For serious testing you need a large number of blocks of 100 words. To generate them, we use a text string (“seed string”) to initialize the master sequence of pseudo-random numbers from which the block numbers are taken. From the same line, the same sequence of blocks is always obtained, which can be continued indefinitely.
In a few days, the web version of the test generator will be disabled. Please use a generator instead, which will produce exactly the same results on your computer.
For mass testing solutions, we have developed a new, more powerful and flexible test system . Option
The new test system is functionally equivalent to the old, that is, for the same tests and tested programs, both systems will give the same results. Here are the distinctive features of the new system:
This is what the statistics displayed on the screen during testing means. Top line:
We opened Twitter @ladygaga :-) and took out the first tweet that appeared after the deadline. The text of this tweet has become the official string initialization sequence. To generate the official test sequence, you can specify the following option for the
(Addition: unfortunately, this tweet has already been deleted. Only this retweet remains . Since the testing has already been started, we do not change the initialization string.)
The beginning of the sequence (block number) is: 416943456, 1130928813, 1690493249, 1560679505, 1146154276, 403245362, 1509995579, 2138666856, 1841363379, 1083285606.
First, we drove all the decisions on a very small number of blocks in order to find out which solutions have a chance to be in the lead. Then we took 8 promising solutions and ran them on a very large number of blocks. With several different lines of initialization, the first three lines of the rating stabilized within the first 1,500 blocks: a further increase in the number of blocks, although refining the percentages, did not change the relative positions of the leaders. We decided to test all solutions for 10,000 blocks (a million words).
Some solutions use the original approach: they remember all the words that the test system presents to them. Since the words in the dictionary are less than 700,000, and the variety of pseudo-random non-words is much wider, a word that occurs twice is more likely a word than a non-word. For solutions that use this phenomenon, the accuracy of the results increases over time. Theoretically, with an unlimited increase in the number of blocks, such a solution can show an arbitrarily high result.
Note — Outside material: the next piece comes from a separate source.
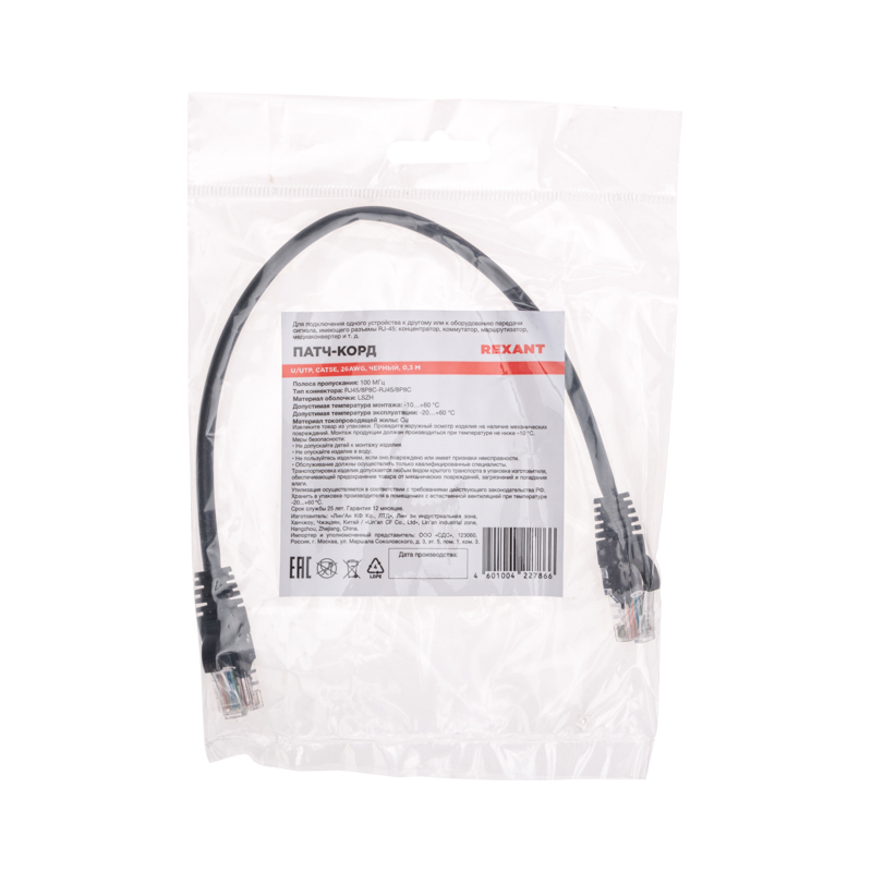 Патч-корд U/UTP, CAT 5e, RJ45-RJ45, 26AWG, LSZH, черный, 0,3м,, код 02-0102-03, производитель REXANT

This is an interesting idea, but for the competition it is a problem, since theoretically, on a sufficiently large set of tests, such a solution could bypass any non-learning solutions. This would not only make this simple technique a “magic wand” conquering everything else, but would also create for the jury the problem of choosing between several learning solutions. If we had this idea before the start of the competition, we could easily solve the problem, indicating that the test system can restart the solution at any time during the testing. However, we explicitly promised that initialization will occur only once.
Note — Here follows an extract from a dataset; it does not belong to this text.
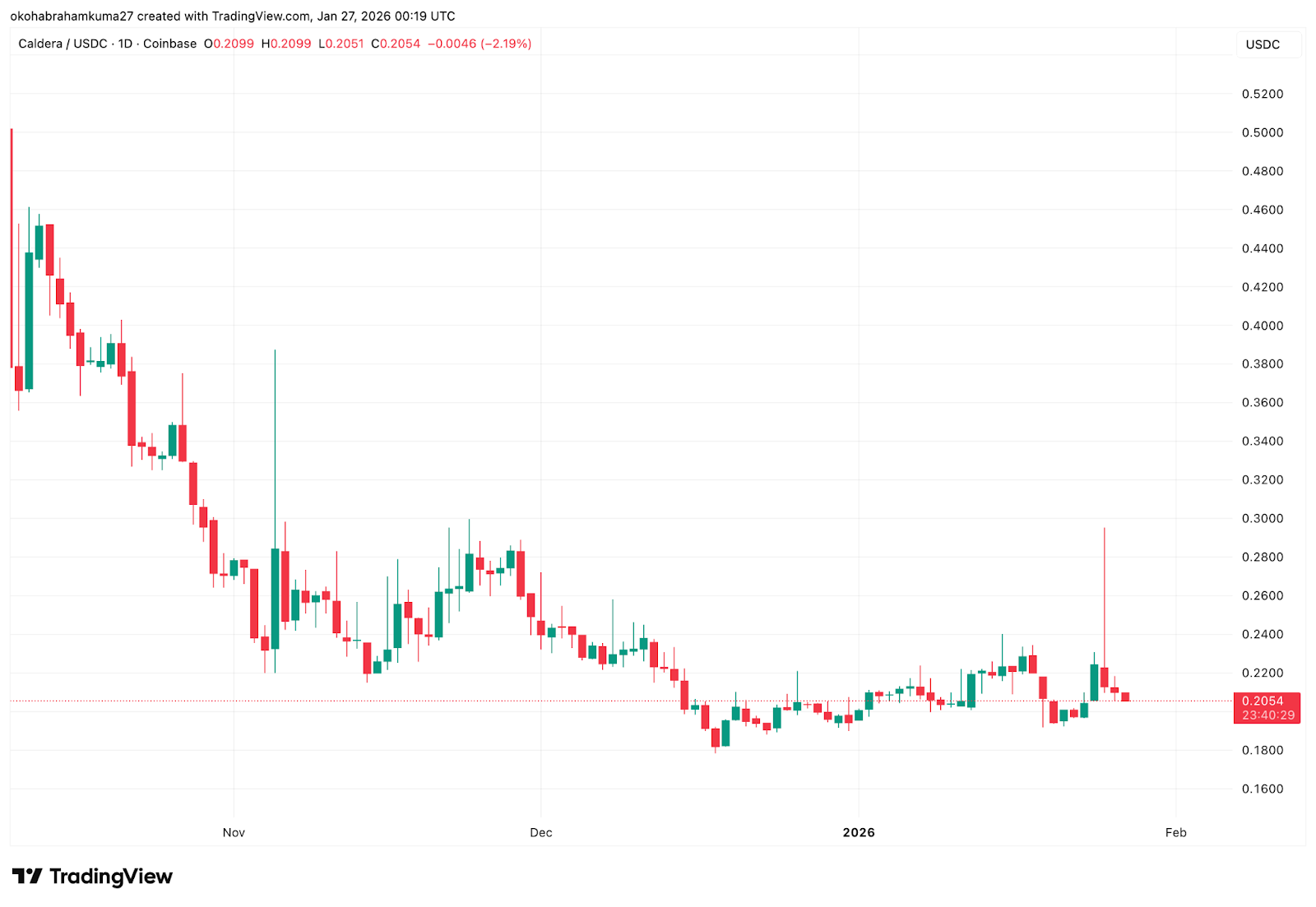 Caldera 常被列为以太坊生态系统中值得关注的新兴加密货币项目之一。截至1月26日,其过去七天内价格上涨了0.30%,表现优于同期下跌5%的全球市场。

We decided to dwell on a figure of 10,000 blocks and drive off each solution, both with restarts and without, in order to measure separately the effect of learning. The results of non-learning solutions during this time are quite time to stabilize. Learning really improves the outcome of some decisions (for the time being we see one solution that is in the top ten thanks to the training). Of course, the students' solutions would have shown even higher results on a larger number of blocks, but this would be unfair to those participants whose programs show high recognition accuracy immediately after initialization.
In short: we allow learning solutions to learn, but do not use such huge numbers of blocks on which the learning effect becomes decisive.
At the moment, some solutions are still being tested.
We did not specify any performance requirements for the programs in the problem statement. If we specified the limitations, we would have to accurately describe the hardware and the operating system, run solutions many times for an accurate measurement, solve problems with sandbox distortions. From the problems of measuring performance like to get away. As a result, some of the solutions we received are very slow.
Testing some of the solutions is still not over. The slowest of them, it seems, we have to stop early and use the results of the partial test run. At the moment, none of these solutions in the top ten does not fall. In addition, at least one solution has hung. We will figure out whether the sandbox introduces this problem or whether it is a bug in the solution itself.
In a few days, when the testing of slow solutions ends, we will post the results. Already, you can find out your own result, without waiting for the publication of the entire table. Use for this purpose a new test system and the above official initialization string. Set 10,000 blocks, and you will get exactly the same result as us (unless your solution uses
Thank you for your patience. Stay with us!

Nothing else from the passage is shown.